The second part is the shift to Egypt and the Exodus. The nation of Israel was small, just Jacob (Abraham’s grandson) and his 12 boys when one of his sons, Joseph is sold into slavery (vs 9) - an evil thing brought on by his brother’s jealousy of him. Yet, it is through their evil that God produces good. Joseph rises to become Pharaoh’s ruler over all of Egypt, and through a famine, Jacob’s entire family comes to Egypt where they will settle for 400 years. Jacob dies in Egypt but his children’s children to several generations await the fulfillment of God’s promise. God raises up Moses, who like Joseph is first rejected, but then revered for being a deliverer. As Joseph had done 400 years previously, now Moses becomes God’s redeemer leader. Stephen recounts Moses’ life in a series of three forty-year periods. Vss 20-22, he reminds us that Moses lived his first 40 years as part of Pharaoh’s household - trained in the very best of Egypt’s educational wisdom. Vss 23 - 29, Moses failed - first by killing an Egyptian, and then in fleeing for 40 years to live in the desert land of Midian, hundreds of miles removed from Egypt’s life of royalty. Vss 30 - 36, God calls Moses in the wilderness to go back to Egypt and lead his people out that they might become the nation God had promised Abraham - a people, a land, a blessing. At the end of the Egypt section concerning Joseph and Moses, Stephen reminds them that Moses had prophesied - near his death - that “God will raise up a Prophet like me”, a word Peter had referred to in 3:22 in reference to Jesus’ incarnation. And here, he makes a decisive shift.

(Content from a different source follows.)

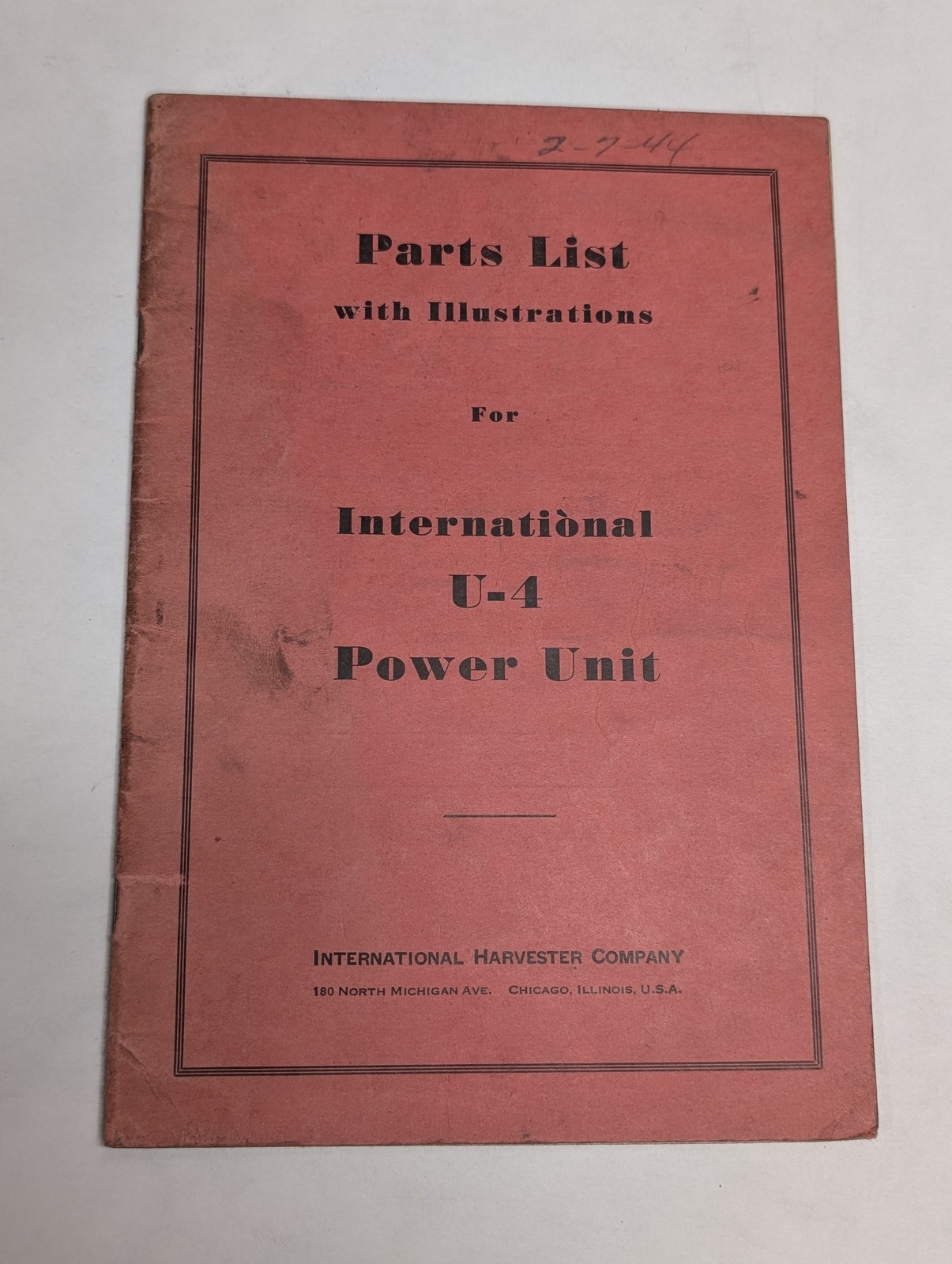 International Harvester Ih Parts List Catalog Manual 1942 U-4 Power Unit

As Stephen covers God’s history with his people he inserts the commentary in vs 39, “our ancestors refused to obey...”. I did not add the word “him”, because it is not just one rejection Stephen has in mind, but a series of rejections the nation was guilty of. It began immediately after the Exodus while the nation was in the wilderness. They tried to substitute for God with a statute of a calf made out of gold. This was the beginning of a long history of rebellions that marked Israel’s history in Idolatry. Stephen reminds them that the Prophets kept being sent (vss 42-43) until they ended up in exile in Babylon. Stephen reminds them that God had come to live among them - first in the Tabernacle in the wilderness (a tent) that remained in the nation until King David, organized and left for his son, Solomon to build, a Temple. Stephen does not say it here, but that original Temple was destroyed by the Babylonians as a direct result of the nation of Israel’s rebellious idolatry that serves as the theme of the historical books, as well as the Prophets. The Temple now stood as the most recent idolatrous rebellion - something of which Jesus had reminded his disciples would soon lead to its destruction again.

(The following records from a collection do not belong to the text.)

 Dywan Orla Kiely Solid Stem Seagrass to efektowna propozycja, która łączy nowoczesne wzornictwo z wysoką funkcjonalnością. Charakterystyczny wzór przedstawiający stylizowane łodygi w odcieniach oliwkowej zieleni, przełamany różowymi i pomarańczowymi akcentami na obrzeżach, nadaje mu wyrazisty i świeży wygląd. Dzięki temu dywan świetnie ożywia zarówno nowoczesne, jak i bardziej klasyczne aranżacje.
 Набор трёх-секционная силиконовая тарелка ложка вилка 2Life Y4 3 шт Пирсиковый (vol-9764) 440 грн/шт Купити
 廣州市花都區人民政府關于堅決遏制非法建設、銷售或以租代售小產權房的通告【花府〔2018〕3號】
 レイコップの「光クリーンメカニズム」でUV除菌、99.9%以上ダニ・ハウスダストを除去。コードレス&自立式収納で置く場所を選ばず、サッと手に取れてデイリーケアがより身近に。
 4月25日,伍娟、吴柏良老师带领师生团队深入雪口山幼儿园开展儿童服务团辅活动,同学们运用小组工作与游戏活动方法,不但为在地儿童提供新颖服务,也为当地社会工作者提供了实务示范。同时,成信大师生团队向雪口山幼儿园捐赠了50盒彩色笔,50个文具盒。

Now, Stephen cuts to the point - the Tabernacle and Temple were never meant to “hold God”. It was this very issue that brings to a head the reason for Stephen’s sermon. In spite of God’s direct leading throughout their history, Israel kept on rebelling. God had called them to be a people in a land in order to be a blessing to the nations. Instead, they had continued to be what their ancestors were: “stiff-necked”, “hard-hearted”, unwilling to listen to the Holy Spirit, and thus, had killed Jesus, “the coming righteous one”. You notice the shift in language as he says “You are just like your ancestors (fathers)”. They were the ruling leaders of Israel and they had cut themselves off from God’s blessings. When all a person has is a religion without a personal relationship to God, they have nothing but the empty shell of their own self-made piety. Stephen’s indictment is clear. It is a call to repent of their rebellion, to see that Jesus is the fulfillment of all of Old Testament history - something Jesus said to the two on the road to Emmaus (Luke 24) when he opened their hearts and minds by going back to the Law and the Prophets to show them that Christ had to suffer and die. Stephen is offering the rulers of Israel a chance to see that they have to turn around and see Jesus as God.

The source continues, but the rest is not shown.